In fact, children may have some protection against SARS. Even in parts of the world where there are a lot of cases, such as China and Singapore, few or none of them have been in children.

There have been some possible cases of SARS in kids though, including suspected cases at the Toronto Hospital for Sick Children, which has lead to the hospital canceling clinic appointments and elective surgery. There is also a report of a 15 month old girl recently adopted from China in Springfield, Mass. who may have SARS and a 1 year old in New York.

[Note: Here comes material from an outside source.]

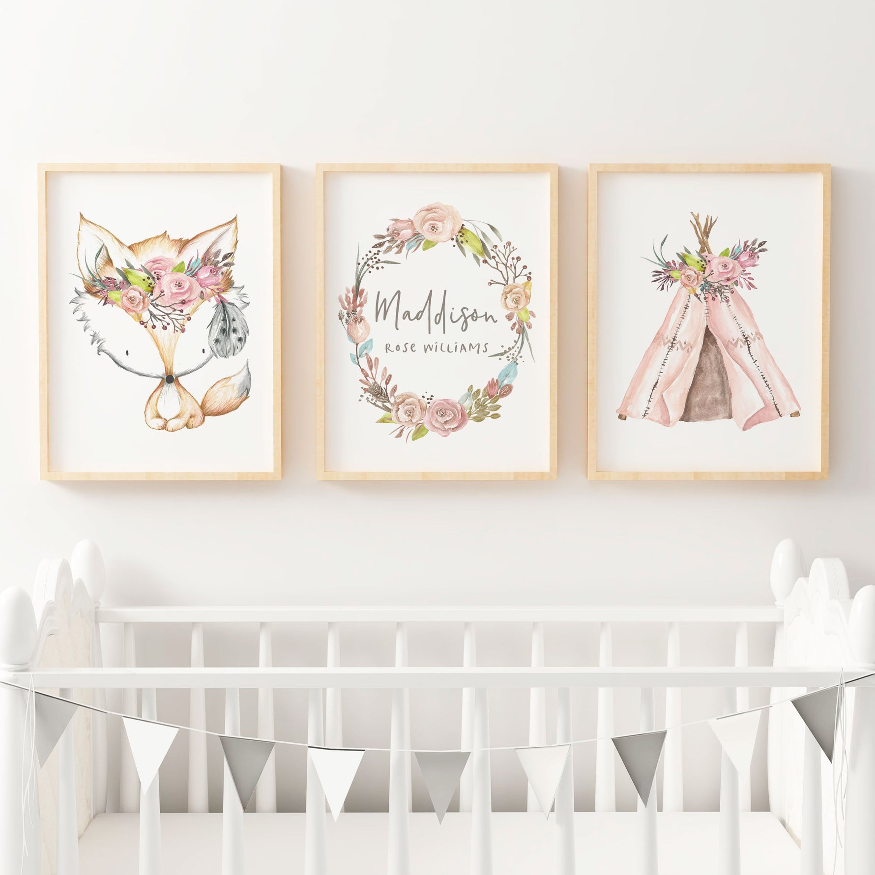 Featuring soft hints of watercolour pinks, this tribal boho woodland nursery or bedroom wall art print set includes a floral fox print, a woodland teepee and a personalised floral wreath name print.

Children seem to be more affected by these quarantines than by actual illness though. Other quarantines include:

  • a Sidney, Ohio school that observed a voluntary quarantine because a teacher and students at the school are the family of a person that has symptoms consistent with SARS
  • 250 students and 10 staff from a high school that is across the street from York Central Hospital in Canada, which had been closed because of a SARS death
  • students in Boston and Greenwich, Conn. who were barred from attending school because they had recently traveled on a school trip to Beijing and Shanghai or had family members that had recently returned from China
Another big concern is families traveling to China to adopt children. Although nonessential travel to this area is discouraged, most parents don't consider traveling to adopt a child nonessential and they continue to go there.

What Should Parents Do

At this time, there is no evidence of community transmission in the United States, so to get sick, your child would likely have to be exposed to someone who had traveled to a SARS area. If you recently returned from a high risk area or were exposed to someone with SARS and you develop symptoms, you should call your Pediatrician and be sure to mention your risk factors for SARS.

Simply being exposed to someone who had traveled to a high risk area but who isn't sick likely doesn't put you at risk.

There is some concern or worry that SARS will continue to spread, but hopefully the aggressive search for a cause and treatment and the quick isolation of suspected cases will keep it from continuing to spread.